▶ Work request:
Return the lines of the data below starting at the one holding "打開IIS 管理器,展開應用程序池,對相對應的應用程序池單擊右鍵進行回收" and ending at the one holding "În curând, mai", word for word, leaving every picture out.

▶ Data:

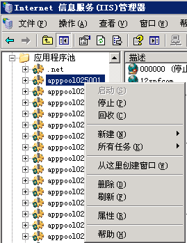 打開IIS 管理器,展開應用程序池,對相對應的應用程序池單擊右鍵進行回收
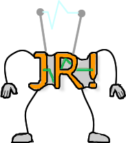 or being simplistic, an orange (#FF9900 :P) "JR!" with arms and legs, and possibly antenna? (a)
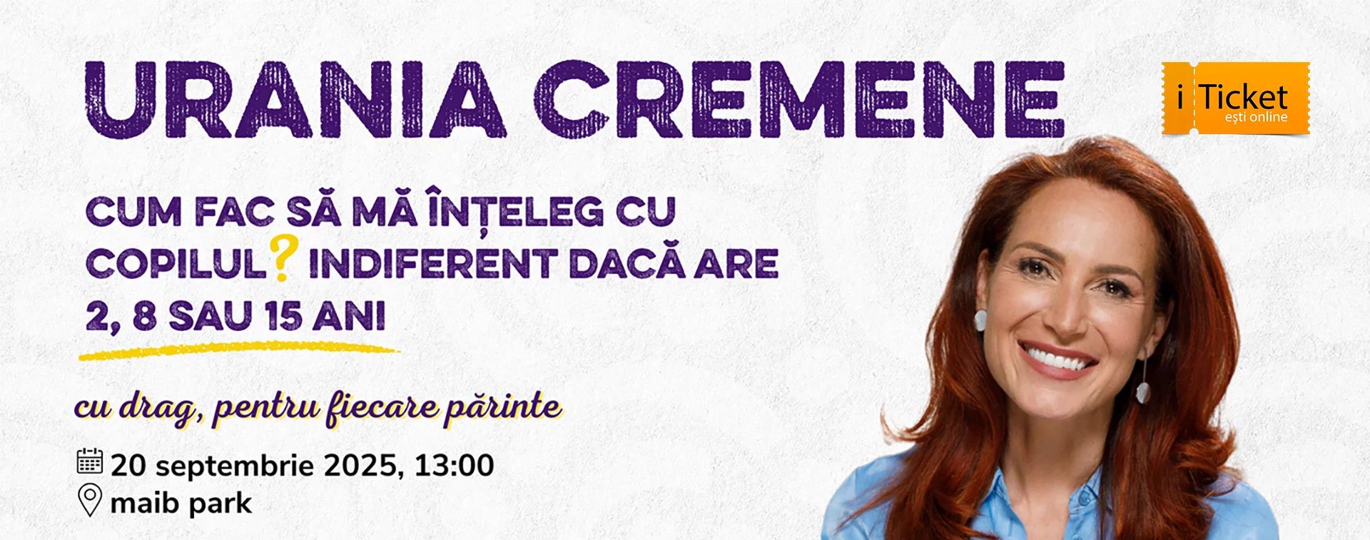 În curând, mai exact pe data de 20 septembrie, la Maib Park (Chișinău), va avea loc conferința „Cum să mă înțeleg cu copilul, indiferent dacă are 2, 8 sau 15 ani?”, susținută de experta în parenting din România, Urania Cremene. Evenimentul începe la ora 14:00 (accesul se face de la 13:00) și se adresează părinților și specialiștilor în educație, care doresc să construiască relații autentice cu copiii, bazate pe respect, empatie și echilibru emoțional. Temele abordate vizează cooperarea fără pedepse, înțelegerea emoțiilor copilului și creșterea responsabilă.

...

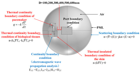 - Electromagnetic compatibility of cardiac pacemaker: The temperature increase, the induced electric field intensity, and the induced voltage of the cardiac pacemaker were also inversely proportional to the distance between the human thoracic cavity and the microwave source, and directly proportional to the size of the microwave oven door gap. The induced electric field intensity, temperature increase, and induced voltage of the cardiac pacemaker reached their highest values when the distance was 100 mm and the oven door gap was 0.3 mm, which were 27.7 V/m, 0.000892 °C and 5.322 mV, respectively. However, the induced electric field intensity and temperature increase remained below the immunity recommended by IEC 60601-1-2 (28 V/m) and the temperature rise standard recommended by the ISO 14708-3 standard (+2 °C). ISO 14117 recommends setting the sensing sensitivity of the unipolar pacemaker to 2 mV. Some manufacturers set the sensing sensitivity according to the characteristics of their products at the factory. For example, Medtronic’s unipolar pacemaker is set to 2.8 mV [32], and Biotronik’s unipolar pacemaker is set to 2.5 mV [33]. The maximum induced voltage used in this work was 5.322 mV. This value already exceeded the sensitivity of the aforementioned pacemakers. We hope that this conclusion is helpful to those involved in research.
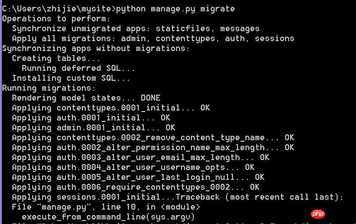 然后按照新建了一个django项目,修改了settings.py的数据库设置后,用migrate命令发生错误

▶ Response to this exercise:
 打開IIS 管理器,展開應用程序池,對相對應的應用程序池單擊右鍵進行回收
 or being simplistic, an orange (#FF9900 :P) "JR!" with arms and legs, and possibly antenna? (a)
 În curând, mai exact pe data de 20 septembrie, la Maib Park (Chișinău), va avea loc conferința „Cum să mă înțeleg cu copilul, indiferent dacă are 2, 8 sau 15 ani?”, susținută de experta în parenting din România, Urania Cremene. Evenimentul începe la ora 14:00 (accesul se face de la 13:00) și se adresează părinților și specialiștilor în educație, care doresc să construiască relații autentice cu copiii, bazate pe respect, empatie și echilibru emoțional. Temele abordate vizează cooperarea fără pedepse, înțelegerea emoțiilor copilului și creșterea responsabilă.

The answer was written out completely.